The first issue is the size limitation of the WAV and BWF formats. These are LIMITED TO 2 GB in size by design (they
use 32 bit signed, which gives a total of 2 to the power of 31 Bytes addressable = 2'147'483'648 Bytes precisely).
2GB may sound a lot but a little elementary arithmetic will show it is easy to exceed this limit when using higher
sample rates and bit depths for multi-track recordings of real-world durations.
AIFF is slightly better in the sense that it is "only" LIMITED TO 4 GB (it uses 32 bit unsigned, which gives a total of 2
to the power of 32 Bytes addressable = 4'294'967'296 Bytes precisely.
PMF uses 64 bit addressing which would probably allow 128 tracks to be recorded for about 10,000 years (If you
can afford the disks!), which should be more than enough for any practical applications.
The second advantage of the Pyramix File Format for large multitrack projects is that it is not "sample-interleaved"
but "block-interleaved". Which means that instead of (as with WAV, BWF and AIFF) recording on disk one sample of
channel 1, then 1 sample of channel 2, and so on to 1 sample of channel n, .pmf was designed from day one to
optimize disk access by recording a quite large block of samples for each channel in a sequence. Typically 64 kB of
channel 1, then 64 kB of channel 2, etc, finally 64 kB of channel n.

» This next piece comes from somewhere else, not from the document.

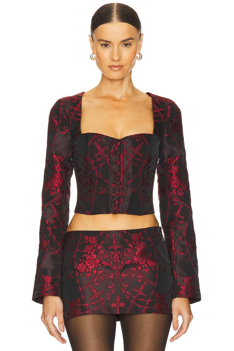 The Alice Bustier features a fitted corset silhouette crafted from a midweight jacquard fabric in matte black with a muted dark red baroque pattern all over. Its cropped length and long, regular sleeves complement the square neckline, while the boned bodice adds structure and elegance. Front button closure enhances the modern chic vibe. Perfect for night outs, date nights, and cocktail events, this piece blends classic baroque details with contemporary tailoring for a standout look in autumn, winter, or spring wardrobes.

This setting (default 64 kB) can be changed by the user to one of four alternative values in the Record Block Size
section of the Playback/Record page of All Settings > Settings > Application . However, the alternatives are
really only applicable to certain RAID and Network-Attached-Storage set-ups and, unless you have considerable
knowledge and experience, the default setting should be used.

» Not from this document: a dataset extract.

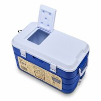 Термоконтейнер ударопрочный корпус, Герметичная конструкция, двойная стенка из прочного пластика с прослойкой из пенополиуретана, удобная ручки с двух сторон, емкость для льда, встроенный слив для конденсата, окошко для легкого доступа внутрь

Note: PMF is optimized for interleaved multi-channel as opposed to single.
One File Per Track option
For non PMF formats
Found in the All Settings > Settings > Project > Record page, The One file per track option should always be
chosen (checked) whenever more than 2 tracks of recording are contemplated as there is a rather high potential
performance penalty that can occur with all the (non PMF) sample-interleaved file formats (E.g.WAV and AIFF) on
playback, when not all tracks of a multi-channel recording are used or played in their original sync relationship on
the Timeline. This is because with other, interleaved, formats the hard disk head will still have to go through all the
bits of all the channels, even if only 1 or 2 tracks of that file are used at a given point in time.
For maximum performance with One File Per Track choose BWF in preference to PMF .
Reducing Unnecessary Disk Access
Track and Mixer Muting
There is a subtle difference between muting a Track Output (with the
the same signal in it's associated mixer input strip. Muting a Track stops disk access for the Track (There is a delay
before the sound stops while the replay buffer is emptied). Muting a mixer strip doesn't affect disk access but sim-
ply mutes the strip (Therefore muting is immediate). Muting Track outputs enables multi-track recordings with
many Tracks (E.g. 48 Track music recordings) to be edited on hardware which cannot support this number of
Tracks. (E.g. a laptop) Providing the Clips are grouped across all Tracks, then any editing changes made on the
Tracks used for the editing guide will also be reflected in the muted Tracks. Track Grouping can be used to make
operation simpler and more convenient.